At this week's RSNA meeting, Rosen presented a marketing survey of people living in the Boston area that assessed attitudes about full-body CT screening.
He said that 450 people who answered questions in a random telephone survey conducted in September 2001 initially had no opinion about full-body CT. “But after an explanation of what full-body CT is, 82% said they were interested in it,” Rosen said. And 72% said they liked the “idea that they could go over results with a radiologist.”
Rosen also presented additional data on 310 people who have had full-body CT at his center since it opened. He said that many people seek out full-body CT because “they are interested in making a lifestyle change and want to find out more about their own health.”
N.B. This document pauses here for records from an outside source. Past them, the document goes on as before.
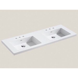 Madeli X-stone Top/basin, 48” X 22” X 2”, Double Basin, Glossy , 8” Widespread Faucet Holes
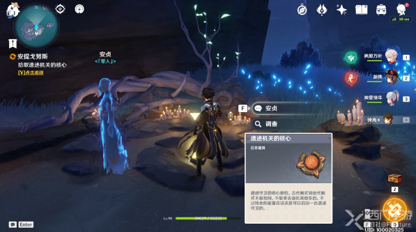 4、遗迹机关的核心就在安贞的身边,靠近三角标的位置点击交互调查就可以获得遗迹机关的核心道具;
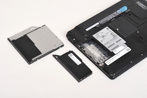 ― 薄型軽量化にもかかわらず、従来のマルチベイ構造がそのまま踏襲されています。光学ドライブを取り外してダミーカバーをつけて軽量化したり、追加のバッテリーを入れたり、プロジェクタを内蔵したりと、実にフレキシブルに対応できるのは便利です。

But Dr. Giovanna Casola, professor of radiology and chief of body imaging at the University of California, San Diego, said that many people who self-refer to full-body CT are looking for false assurances.
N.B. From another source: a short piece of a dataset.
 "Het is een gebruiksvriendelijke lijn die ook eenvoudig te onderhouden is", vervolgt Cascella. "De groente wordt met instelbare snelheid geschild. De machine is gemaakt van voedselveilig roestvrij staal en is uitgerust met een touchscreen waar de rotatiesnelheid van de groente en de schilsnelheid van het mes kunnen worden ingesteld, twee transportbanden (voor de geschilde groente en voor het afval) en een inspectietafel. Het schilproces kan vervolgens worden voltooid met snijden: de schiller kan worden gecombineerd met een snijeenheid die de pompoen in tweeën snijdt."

She said the full-body CT fad actually started in California three years ago and was marketed with ads that told potential clients “you owe it to your loved ones.” At that time, she said, the emphasis was on the part of the procedure that tracks calcium build-up in blood vessels in the heart. These calcium deposits are considered markers for advanced heart disease. “So men with wives and children would have the scans as a way of ‘protecting’ the family,” said Casola.
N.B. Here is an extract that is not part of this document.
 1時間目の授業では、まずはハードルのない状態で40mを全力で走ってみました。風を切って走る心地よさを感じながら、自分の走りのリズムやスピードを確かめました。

She and her colleagues analyzed the results from almost 1,200 people who had scans done by a for-profit scanning center in Southern California. She said that 54% of the people received clean bills of health, 15% had abnormal but harmless findings, 25% had possible malignancies, and 1% had findings that strongly suggested cancer.
In all, 442 patients were told they needed more tests. Most of the patients who required additional testing were older than 45, said Casola. “So, one recommendation that we can make is that full-body CT should be limited to those who are older than 45. In this series there were 22-year-olds getting scanned. That is too young, because CT scans do expose people to radiation, which itself is a risk for cancer.” Ideally people should have as few scans as possible over the course of a lifetime, she said.
But the most troubling aspect of the scans, said Casola, is that scans offered are not the most effective type of tests for detecting conditions like liver, kidney, or stomach cancer. “To detect abdominal abnormalities one needs to inject a contrast dye into the abdomen. These scans are all done without contrast,” said Casola.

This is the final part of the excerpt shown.